> _Exercise directions_
Lines from the one containing "2)選擇File->Sett" through the end of the listing are what is wanted, given again exactly with both ends included and pictures left out.

┄┄┄┄┄┄

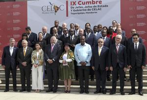 (250408) -- TEGUCIGALPA, 8 abril, 2025 (Xinhua) -- Cancilleres, vicecancilleres e invitados especiales posan durante la toma de la fotografía oficial de la IX Cumbre de la Comunidad de Estados Latinoamericanos y Caribeños (CELAC), en Tegucigalpa, capital de Honduras, el 8 de abril de 2025. (Xinhua/Rafael Ochoa) (ro) (jg) (ra) (vf)
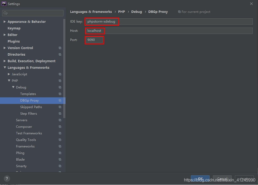 2)選擇File->Settings->LanguagesFrameworks->PHP->Debug->DBGp Proxy,
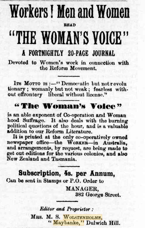 Born February 16th, 1845 at Kingston-on-Thames, Surrey, England, and arriving in Sydney in January 1855, Maybanke Susannah Selfe was the daughter of Henry Selfe, plumber and inventor, and his wife Elizabeth, née Smith. With her two brothers, Norman and Henry, the Selfe family settled in the waterfront Rocks living in Mary Reibey's house (Mary was Molly Haydock - wife of Thomas Reibey of Hawkesbury River cargo renown).
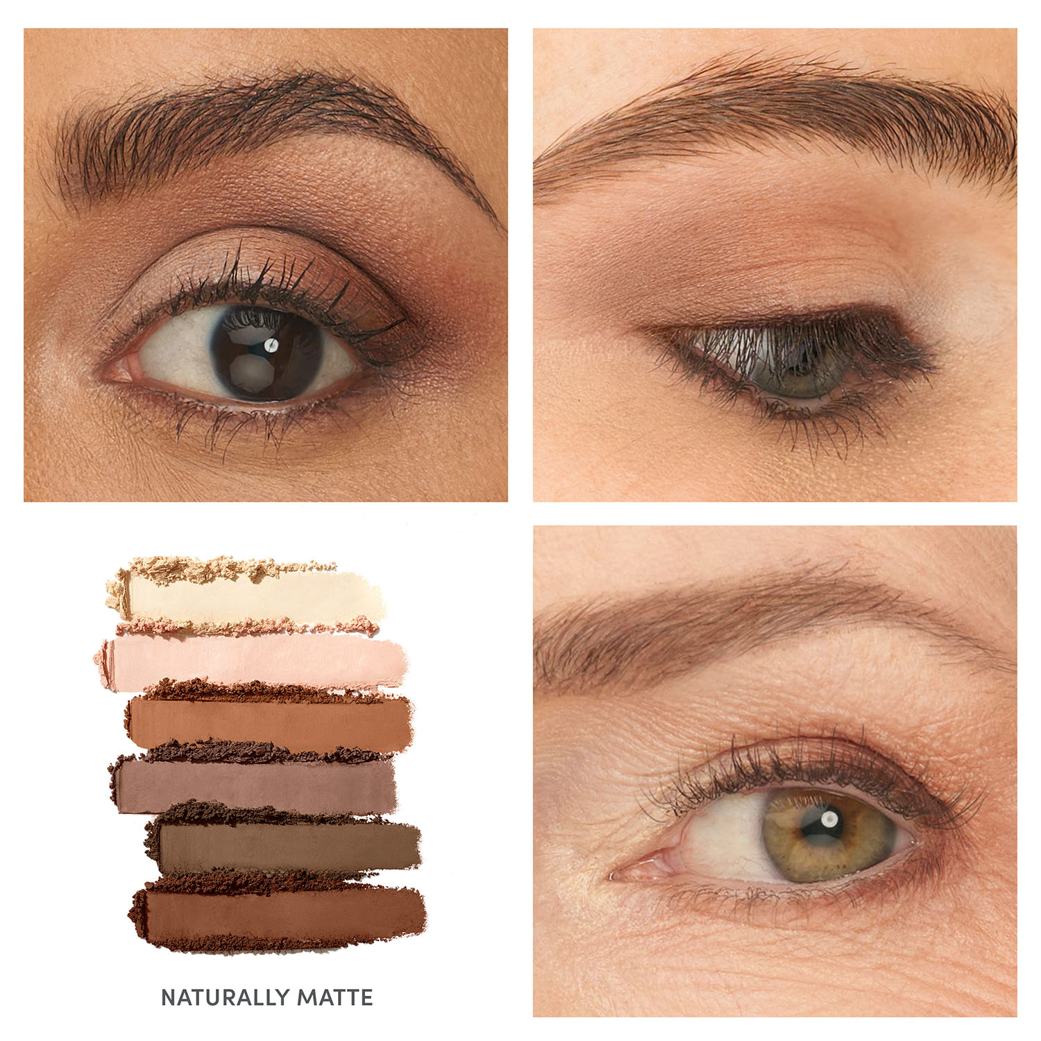 Das Naturally Matte Eye Shadow Kit bietet sechs matte Lidschattenfarben, die einzeln für sich strahlen, sich aber auch wunderbar kombinieren lassen. Der hautfarbene Basisfarbton wird ergänzt um weitere intensivere Farben:
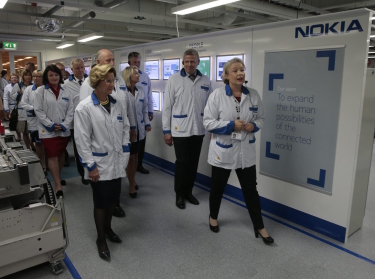 Rundt år 2000 var Nokia verdas største produsent av mobiltelefonar. I dag er dei leiande innan nettinfrastruktur og kart- og posisjonsservice. Kongeparet fekk ei innføring i Nokias historie i dag, i tillegg til ei omvising i fabrikklokala.
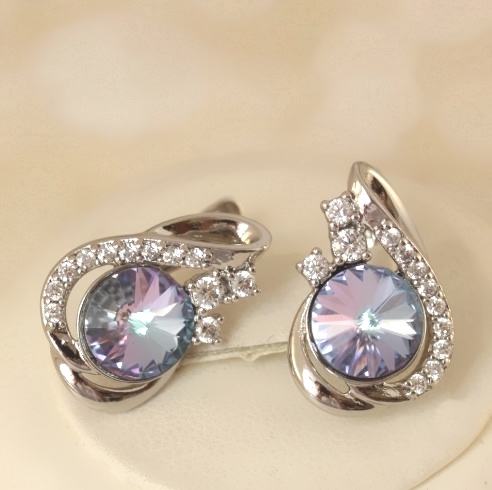 Материал: бижутерный сплав. Покрытие: родий. Вставка: австрийские кристаллы. Размер серьги: 1,8 см. Цвет камня: хамелеон. Застежка: английский замок. Комментарии к товару
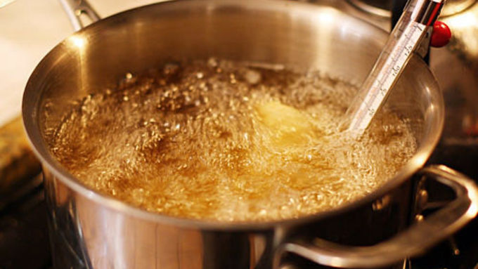 Step15Heat oil to 350°F in a large pot and fry egg rolls in batches until they are nice and brown and crispy, about 5 minutes.
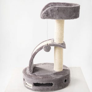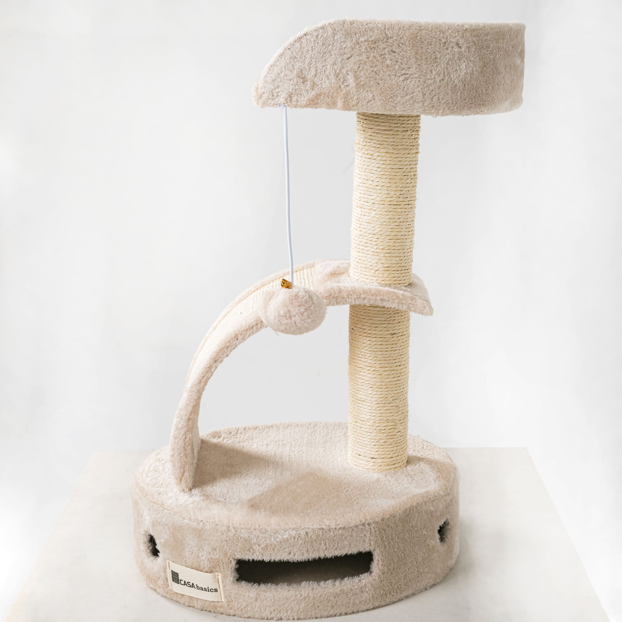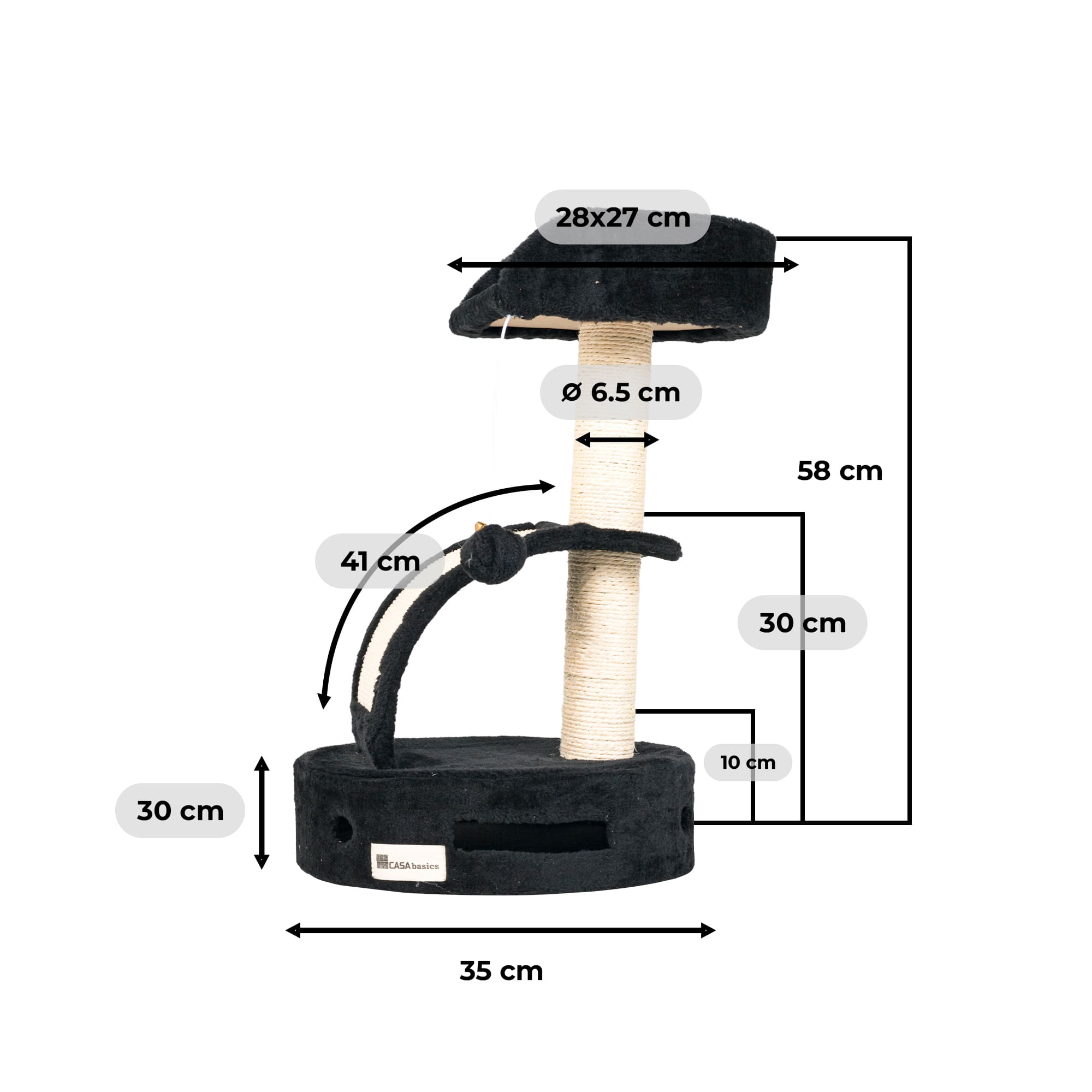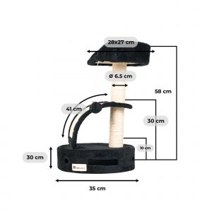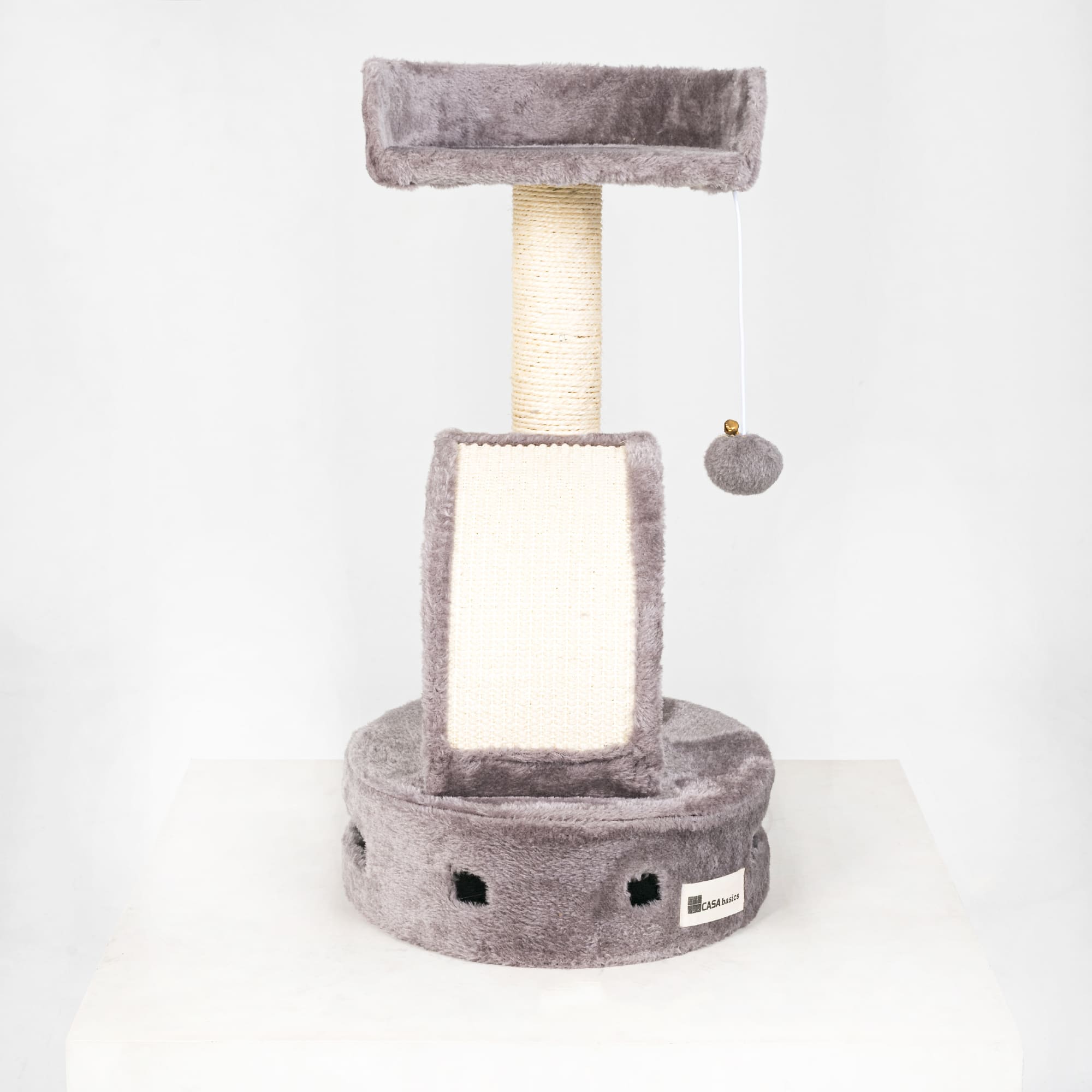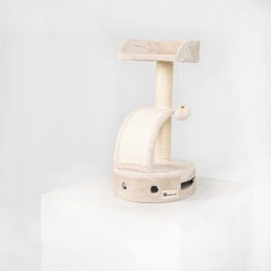 Cuenta con una plataforma superior de 34 cm de diámetro, perfecta para el descanso, y una caseta con entrada de 16.5 cm de diámetro, que brinda un refugio acogedor para la privacidad de tu gato. Sus columnas de 6.5 cm de diámetro están recubiertas con sisal natural, ofreciendo una superficie resistente para afilar sus garras y proteger tus muebles.
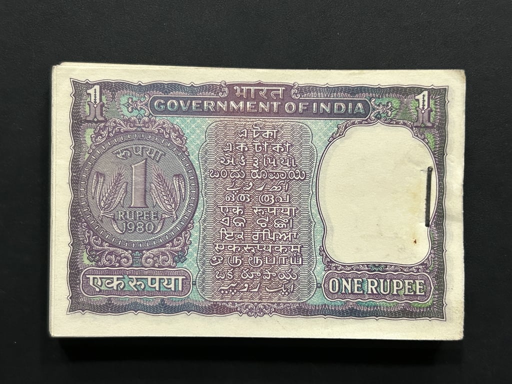 India, 1980 Rupee 1 Complete Serial Bundle of 100 Notes, Holy Fancy Serial Number Starting 214 (RAM), Fancy Mirror Serial Number 214-412 (RAM - RAM), Sign. R.N. Malhotra, Inset B
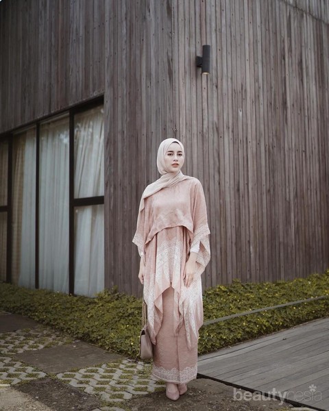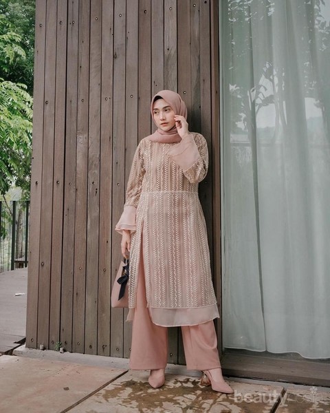 Mau tampil elegan saat menghadiri akan nikah temanmu? Yuk kamu bisa mencoba inspirasi busana ala Nisa Cookie yang satu ini. Kamu bisa memilih warna netral sebagai warna dasar pakaian, kemudian tambahkan sedikit motif pada atasan, tidak melulu dress, kamu jug abisa mencoba bawahan kulot dengan warna senada dengan kerudung lho. Untuk lebih sempurna, kamu juga bisa menambahkan sling bag kecil dengan model sederhana. Meskipun sederhana, kamu akan tetap terlihat elegan dengan warna-warna soft tersebut.

┄┄┄┄┄┄

> _Response below_
 2)選擇File->Settings->LanguagesFrameworks->PHP->Debug->DBGp Proxy,
 Born February 16th, 1845 at Kingston-on-Thames, Surrey, England, and arriving in Sydney in January 1855, Maybanke Susannah Selfe was the daughter of Henry Selfe, plumber and inventor, and his wife Elizabeth, née Smith. With her two brothers, Norman and Henry, the Selfe family settled in the waterfront Rocks living in Mary Reibey's house (Mary was Molly Haydock - wife of Thomas Reibey of Hawkesbury River cargo renown).
 Das Naturally Matte Eye Shadow Kit bietet sechs matte Lidschattenfarben, die einzeln für sich strahlen, sich aber auch wunderbar kombinieren lassen. Der hautfarbene Basisfarbton wird ergänzt um weitere intensivere Farben:
 Rundt år 2000 var Nokia verdas største produsent av mobiltelefonar. I dag er dei leiande innan nettinfrastruktur og kart- og posisjonsservice. Kongeparet fekk ei innføring i Nokias historie i dag, i tillegg til ei omvising i fabrikklokala.
 Материал: бижутерный сплав. Покрытие: родий. Вставка: австрийские кристаллы. Размер серьги: 1,8 см. Цвет камня: хамелеон. Застежка: английский замок. Комментарии к товару
 Step15Heat oil to 350°F in a large pot and fry egg rolls in batches until they are nice and brown and crispy, about 5 minutes.
 Cuenta con una plataforma superior de 34 cm de diámetro, perfecta para el descanso, y una caseta con entrada de 16.5 cm de diámetro, que brinda un refugio acogedor para la privacidad de tu gato. Sus columnas de 6.5 cm de diámetro están recubiertas con sisal natural, ofreciendo una superficie resistente para afilar sus garras y proteger tus muebles.
 India, 1980 Rupee 1 Complete Serial Bundle of 100 Notes, Holy Fancy Serial Number Starting 214 (RAM), Fancy Mirror Serial Number 214-412 (RAM - RAM), Sign. R.N. Malhotra, Inset B
 Mau tampil elegan saat menghadiri akan nikah temanmu? Yuk kamu bisa mencoba inspirasi busana ala Nisa Cookie yang satu ini. Kamu bisa memilih warna netral sebagai warna dasar pakaian, kemudian tambahkan sedikit motif pada atasan, tidak melulu dress, kamu jug abisa mencoba bawahan kulot dengan warna senada dengan kerudung lho. Untuk lebih sempurna, kamu juga bisa menambahkan sling bag kecil dengan model sederhana. Meskipun sederhana, kamu akan tetap terlihat elegan dengan warna-warna soft tersebut.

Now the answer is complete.